(DATA BLOCK)
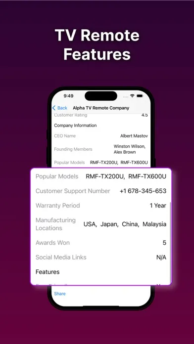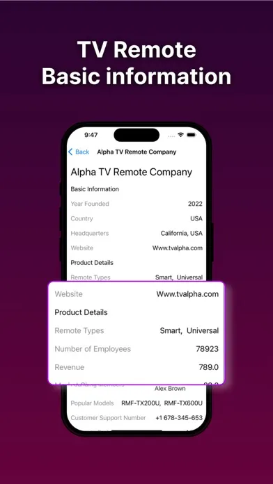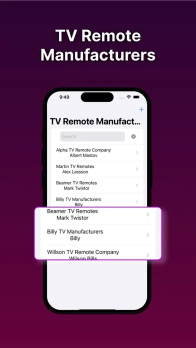 Add, share, delete, search and manage information about TV remote manufacturers, including company details and product features.
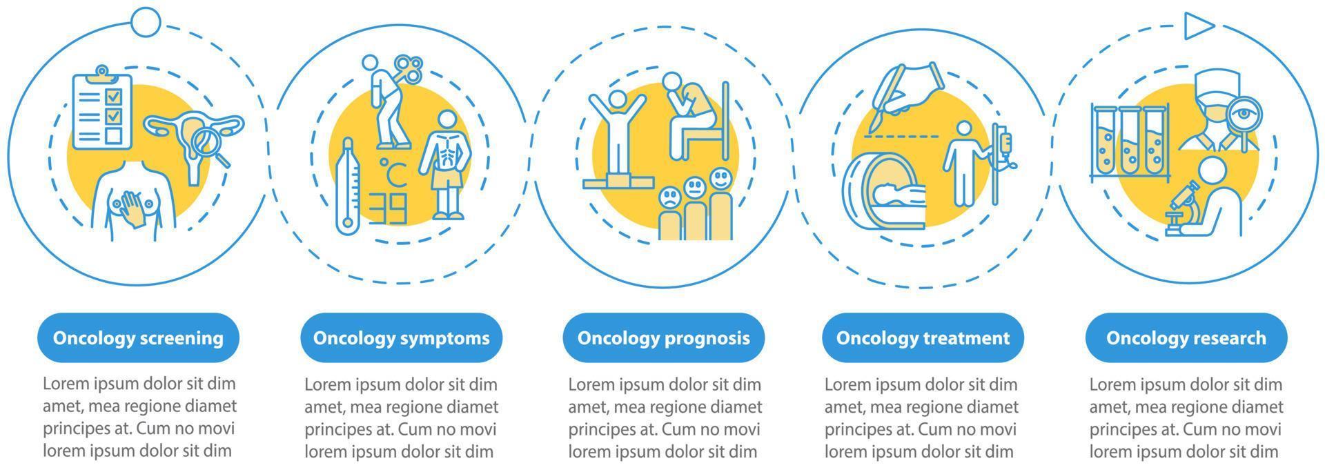 Oncology vector infographic template. Illness treatment presentation design elements. Cancer symptoms. Data visualization with five steps. Process timeline chart. Workflow layout with linear icons Pro Vector
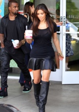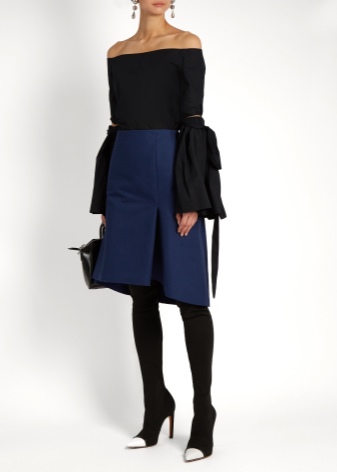 Thin stiletto high boots can be worn with an asymmetric skirt and black tunic, decorated with a bright floral print on the bottom.
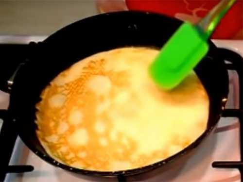 Как только блин подрумяниться снизу, при помощи лопатки переворачиваем его на другую сторону и жарим до легкой корочки.

(BRIEF)
Output the full material exactly as given, without its pictures.

(SOLUTION FOR THIS EXERCISE)
 Add, share, delete, search and manage information about TV remote manufacturers, including company details and product features.
 Oncology vector infographic template. Illness treatment presentation design elements. Cancer symptoms. Data visualization with five steps. Process timeline chart. Workflow layout with linear icons Pro Vector
 Thin stiletto high boots can be worn with an asymmetric skirt and black tunic, decorated with a bright floral print on the bottom.
 Как только блин подрумяниться снизу, при помощи лопатки переворачиваем его на другую сторону и жарим до легкой корочки.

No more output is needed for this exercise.